Check out this article on Qwen2.5VL for in-depth analysis of the architecture and application for Video Analysis and Content Moderation.
4.2 Visual Question Answer (VQA) Test on Qwen2.5VL(3B)

We are using two images here – an image with a pothole, and a person tripping at shopfloor due to some cables. The VQA tasks for the model are as follows:
- How many potholes are there in the image?
- Why is the person falling?
Click on the image below for an enlarged view. As you can see, the devices below 4GB RAMs are not able to run the model. We could increase the SWAP size, however the idea is to check the model’s performance out of the box.
The model is able to precisely calculate the number of potholes in all the boards. Time taken for inference is varying drastically. You might be worndering why RTX 3060 12 GB GPU is there in an article about VLM on edge? We are adding it for reference (pinned on the top left corner). The time taken by Jetson orin Nano 8G and RTX 3060 is comparable at 4 and 9.4 seconds respectively. On the other hand, the Pis took close to 2 minutes and 5 minutes respectively.
All the boards (above 4GB) are able to run the model correctly with similarity patterns in time taken. It has reduced to 2.48s and 2.78s in RTX 3060 and Orin Nano. Given the footprint of the Jetson Orin Nano, the performance is commendable.
4.3 OCR Capability of Qwen2.5VL(3B)
We are passing an image with a simple heading and a paragraph of Gemma 2 paper for our model to analyse. The text input is – “Read the text in the image and explain”. All devices above 4GB RAM are able to run it well. Speaking of Gemma, here is another article explaining Gemma 3 paper in detail.
OCR part took a little longer compared to VQA for count or non text based reasoning. The Orin Nano took 21.27 seconds, Pi5 – 145.43 seconds, Pi4b 8G – 302.41 seconds, rest faced “out of memory” issue. It is still fine. In most real-world scenario you may not need a system that reads pages in milliseconds.
4.4 Image Captioning using Qwen2.5VL(3b)
We are using an image containing a PIN out diagram of ESP32 developer board from Espressif. The task for the model is to generate an overall description of the image in 100 words. Click the image to zoom in on details if not visible by default.

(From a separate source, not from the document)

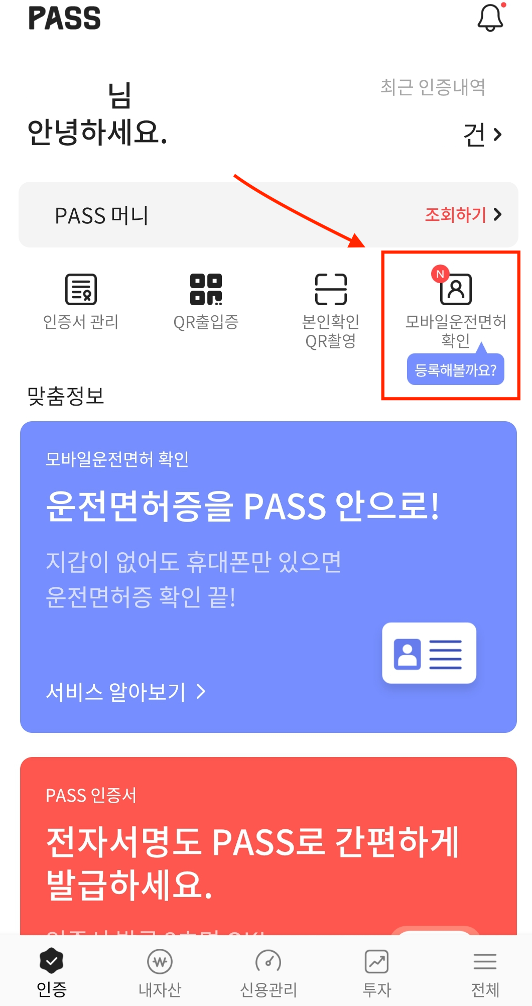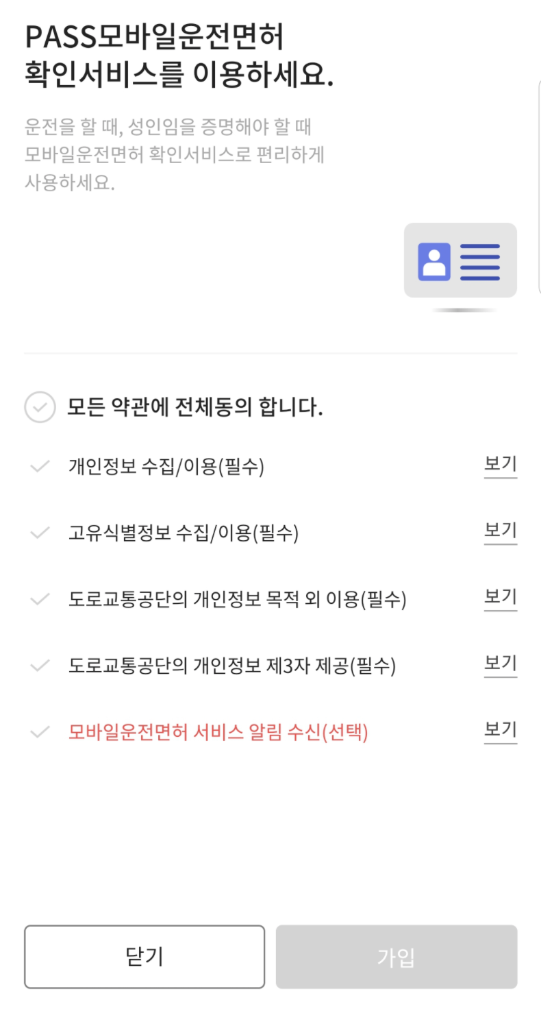 3. PASS 앱 오른쪽에 있는 '모바일운전면허 확인' 버튼을 눌러서 등록 절차를 진행합니다. 필수 약관에 동의를 하시고, ‘가입’ 버튼을 누릅니다

It is a complex image – containing text, drawings, diagrams, and notations. The results by Orino Nano is pretty good. It is able to understand technical details clearly as expected.

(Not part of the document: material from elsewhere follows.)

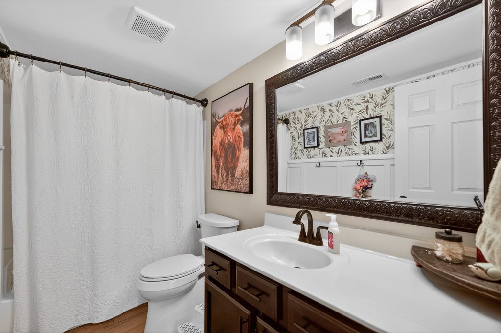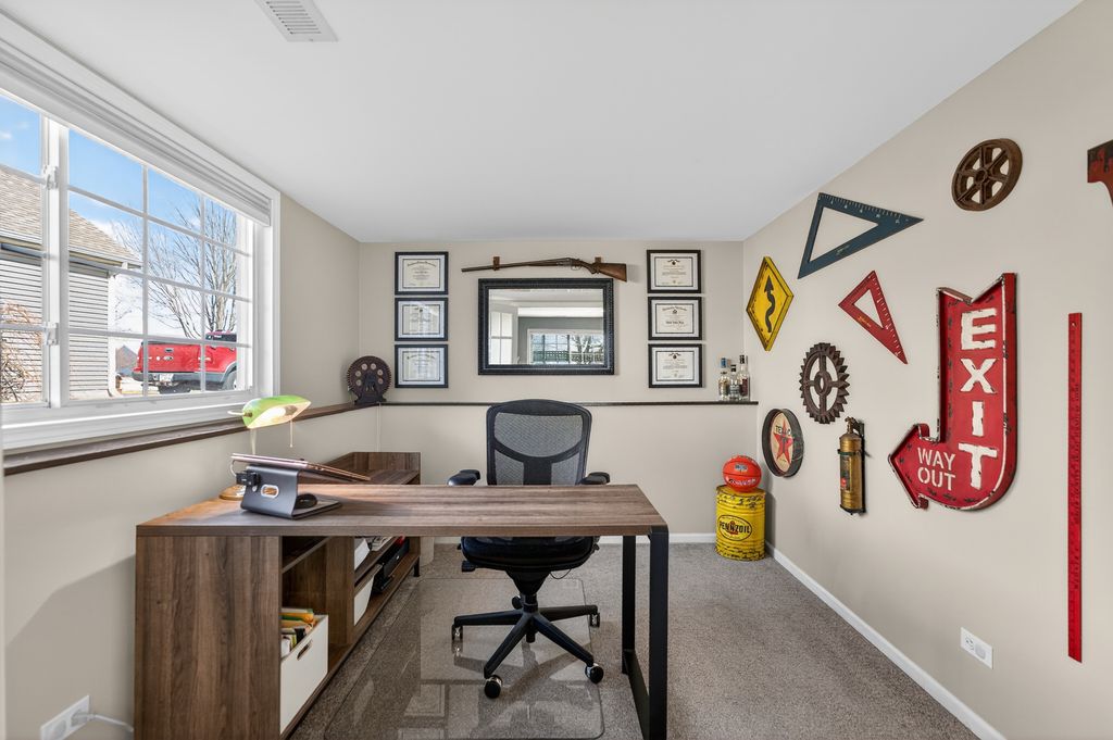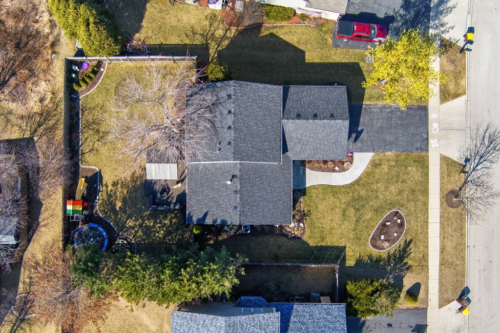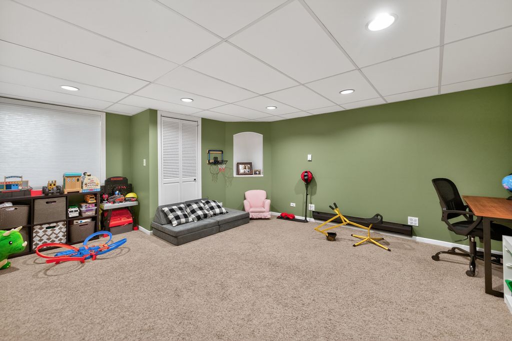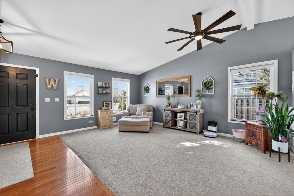 Move-in ready and loaded with new! Super spacious 3-bedroom, 2-bath quad-level modern farmhouse with separate office and over 2,400 sq ft of open-concept living space across four finished levels. The main level features a large living room and updated eat-in kitchen, stainless steel appliances, pantry, hardwood flooring, and new sliders. Upstairs offers three generous bedrooms and an updated full bath. The master bedroom has a walk-in closet. The English basement includes a sizeable family room, separate office or potential 4th bedroom with French doors, and another updated full bath. The finished lower level provides a large rec room and excellent storage space. Tons of NEW including fresh paint, new carpeting, updated lighting, newer appliances, newer mechanicals, and numerous recent improvements throughout. Step outside to a fully fenced backyard with an expansive deck and pergola, playset, trampoline, and sandbox all set on a spacious lot perfect for kids, pets, and entertaining. Low taxes. Prime location across from Northwestern Medicine Huntley Hospital and close to bike trails, the library, Huntley Square, shopping, dining, and top-rated Huntley schools. Truly nothing to do but move in!

For Raspberry Pis however, things did not go really well. By the time we reached the captioning test, the Raspberry Pis called it a day. They were throttling as the temperature reached 90 degree celsius. Both the Pis could not generate output even after 10 minutes.
We can see that Pi4b 4G – which was not running is at 47 degree celsius. Whereas Pi5 and Pi4b trying to run captioning is at 90 degree celsius. It is clear than for running VLM on edge devices, at least passive cooling using heat sink is a must.
4.5 Discussion of Results
Clearly Jetson Orin Nano is performing well in terms of speed and accuracy. However, we should not forget that the Orin Nano board has a huge heat sink and an active fan (out of the box). This is not a fair comparison at all. Again, this is not exactly a comparison.


Inference Using Moondream2 the Perfect VLM on Edge
Moondream claims to be the world’s tiniest vision language model with just 1.8 billion parameters. It can run on devices having memory of just 2GB. This makes Moondream ideal for almost all edge devices.
- Memory Required: Less than 2GB
- Model size: 1.7 GB
- Model: sigLIP based
- Projector: Phi-1.5 based
It is built using distilled and fine-tuned components from SigLIP (a sigmoid-based contrastive loss model) and Microsoft’s Phi-1.5 language model. Read more about DeepMind SigLIP here.
For testing, the Moondream2 model is subjected to the same tests as above and results are recorded.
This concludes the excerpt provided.